STUNNER: Gabrielle Union at the premiere of The Birth of a Nation
IF YOU haven’t made time to watch Birth of a Nation at the cinema, you almost surely haven’t escaped the conversations surrounding the film’s director and star Nate Parker (The Great Debators, Non-Stop). Without re-hashing the public scrutiny surrounding accusations made against Parker at university and his subsequent acquittal, A Birth of a Nation has been widely discussed in the UK long before the British release.
The American slavery-time biopic which features Hollywood’s Gabrielle Union is finally out in cinemas nationwide so at last we can go and view the movie itself; which is, historically a narrative of much greater concern than any chatter surrounding Parker.
The film is loosely based on the true story of Nat Turner (played by Nate Parker) who was born into slavery before becoming a self-selected leader of an uprising against brutal and de-humanising slave masters in the 1830s.
The tale is set in the American state of Virginia which borders North Carolina and Kentucky in the deep south and does a fair job of showcasing the violence and disdain inflicted in the region by whites against blacks.
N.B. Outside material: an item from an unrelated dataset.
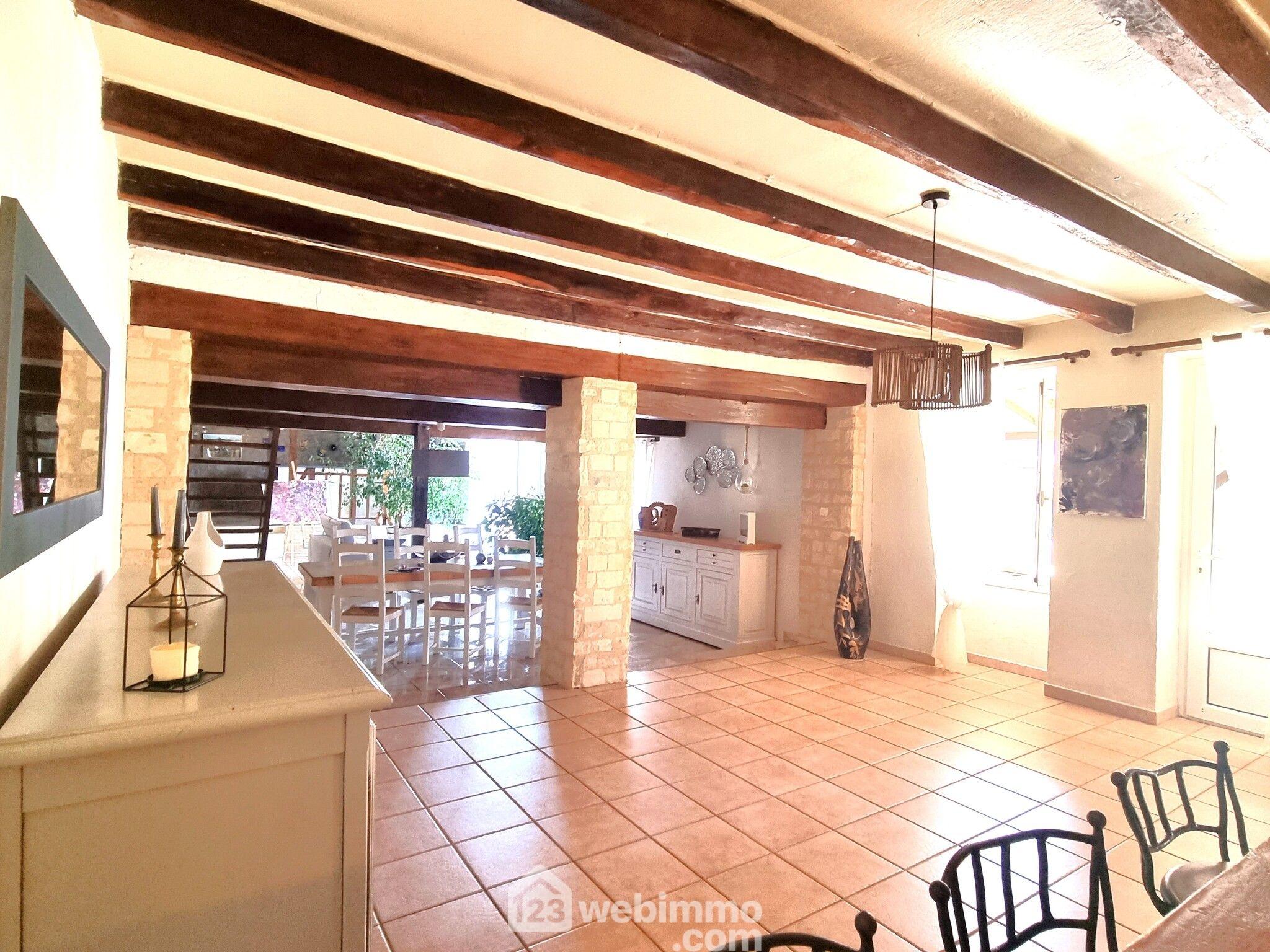 Votre agence 123webimmo l'immobilier au meilleur prix vous présente : Demeure en pierre avec vie de plain-pied, 388 m² habitables, 10 pièces, 7 chambres, garage, hangar. Terrain de 1831 m² clos, au calme.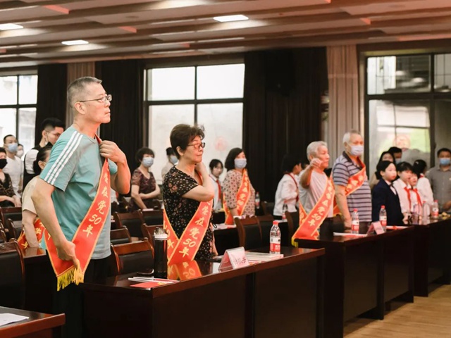 民族街道党工委举行“光荣在党50年”纪念章颁发暨新党员入党宣誓仪式

Younger viewers who haven’t seen anything quite like it will no doubt have their stomach turned by sickening scenes involving whipping and other forms of torture against Turner and his peers; as well as the eventual blood shed by axe-wielding rebel slaves.
For viewers who have ‘seen it all before’, the mental and physical pain of the African (‘American’) characters serves as a reminder of what generations before endured; from routine gang rape to walking on eggshells as the man of your house is demeaned as ‘boy’ in public.
Parker does a good job of contrasting two climates – the first climate a relatively calm and at times joyous one, complete with a young Turner playing and running with the son of his white ‘owner’ before the latter is cheerfully called home for dinner. Scenes from the second climate explain, with a very sudden burst of action; why the first part of the film was bordering slow and uneventful. The rebellion, although planned, reaches its own tipping point without much warning as the pace quickens.
Two important narratives that have had little exposure in the arts are the foundation of the film – the narrative of 18th century revolutionary Africans in America and the narrative of black views on plantation Christianity. We would have liked to see a deeper exploration of both – perhaps a super-long film or two totally separate films are the only solutions that will satiate audiences fully.
The main character’s childhood was underpinned by traditional rituals that many geographically-displaced Africans of this generation cannot begin to imagine as existing within the recent memory of close relatives; like they did for the young Turner’s grandmother. As well as tribal physical artefacts handed-down from grandparents, Turner finds solace and later strength in a copy of the Bible given to him by the plantation owner’s wife or “missus”.
With not enough time in a normal film duration to explore it, Parker touches on the myth that Christianity is a white man’s religion; placing a childhood Turner underneath a picture of a blonde-haired ‘Jesus’ as he memorises scripture.
There was no mention of historical and Biblical evidence which tells the world that as early as the book of Genesis, African characters were instrumental in spreading the Christian message from neighbouring middle eastern regions (who had not a blonde hair in sight) to all parts of the world.
To expect any director to explore these complex issues in two hours is probably unreasonable so as a compromise I would have been happy with Parker just focusing on one main narrative (rebellion or Christianity) rather than leaving us wanting just a bit more. This ‘more’ would extend to the women in the film who didn’t have their individual personalities or roles in the rebellion explored in much detail. To know more about what Parker’s take was on the rebel leaders’ state of mind as they progressed through each stage would have been more than welcome.
Familiar slavery-era tropes run through the film to further remind us of their connection with life within the black diaspora today - men and boys who are raised not to look people in the eye, the unique embarrassment felt when a white person comments on an ‘undisciplined’ child along with many more elements of everyday life.
An abrupt end to this well-paced portrayal of a notable figure does its best to remind us, ultimately, of the fragility of the realities we have been fortunate enough to construct for ourselves in 2016 and beyond.